The collaborative spirit of the hackathons extended beyond the three-day events, maturing to four-day events due to popularity. Many teams began building in regular meetings outside of the hackathons with dedicated vendor personnel, often from three or four different employers, to continue the efforts.
This cohesive social network enabled deployment of El Capitan and, later, El Dorado. El Capitan, an exascale computing system located at Lawrence Livermore, was ranked first on the TOP500 list announced at Supercomputing in November 2024. El Dorado, smaller in scale to El Capitan but architecturally identical, ranked at number 20.
With the complexity of getting the codes both functional and performant on computing systems, the hackathons showed that building a successful network of people might be as fundamental as building the machine itself.

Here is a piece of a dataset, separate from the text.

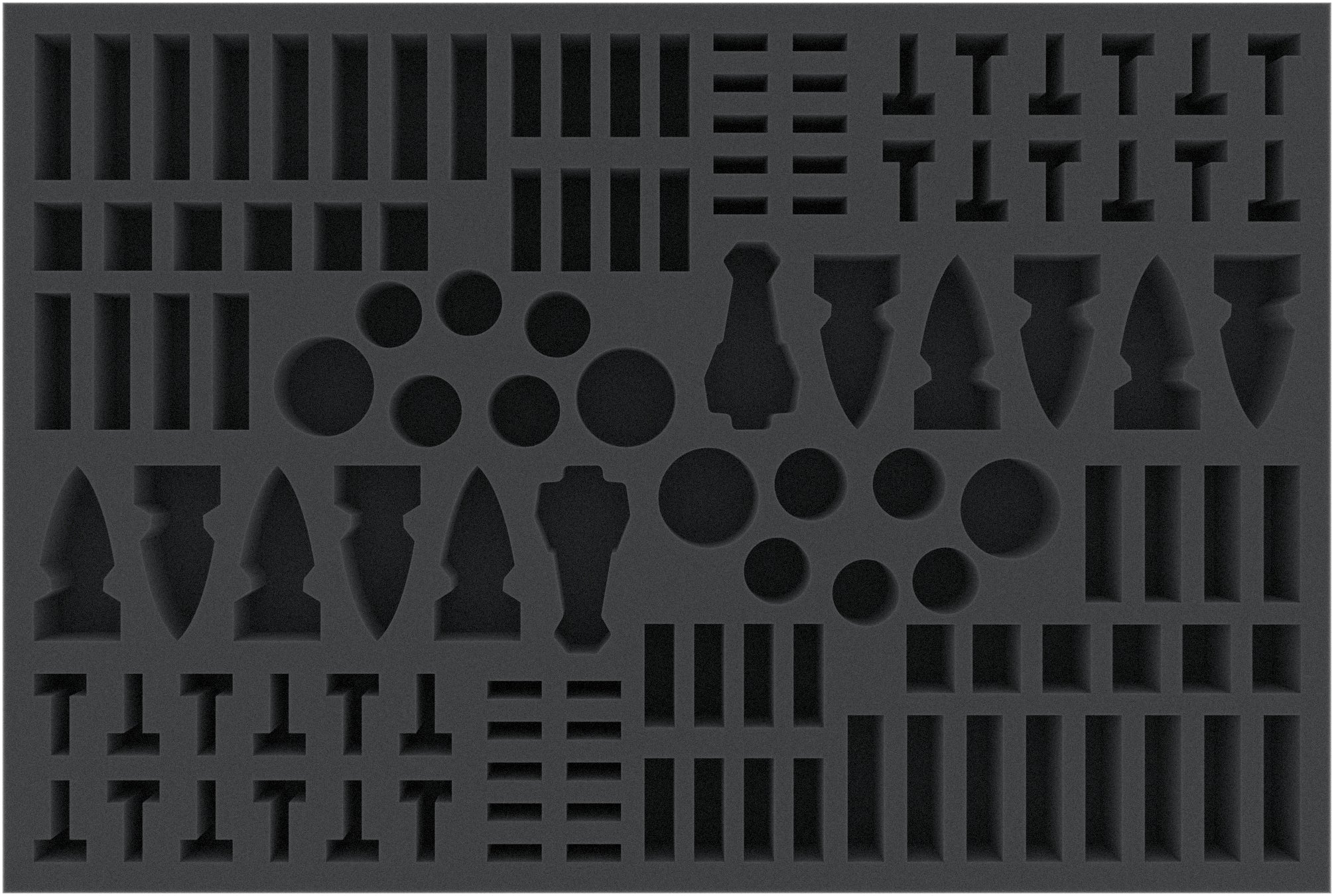 It is divided into 122 compartments individually tailored to the miniatures and ensures that each figure is securely packed. Two factions fit on this mat, clearly separated from each other.

“What really unlocked our progress wasn’t just cutting-edge hardware or code tweaks, but the simple act of bringing people together,” said Jen Gaudioso, director of the Advanced Simulation and Computing at Sandia. “Developers, vendors and lab scientists worked side by side to build trust, share insights and solve problems in real time.”
The development teams are now running at full scale on El Capitan, with some teams even completing Gordon Bell runs, the means to competing for the Gordon Bell Prize. Having just completed the sixth hackathon with incredible turnout, Sandia’s hackathons continue to be a key mechanism for enabling the team’s knowledge of and access to vendor experts.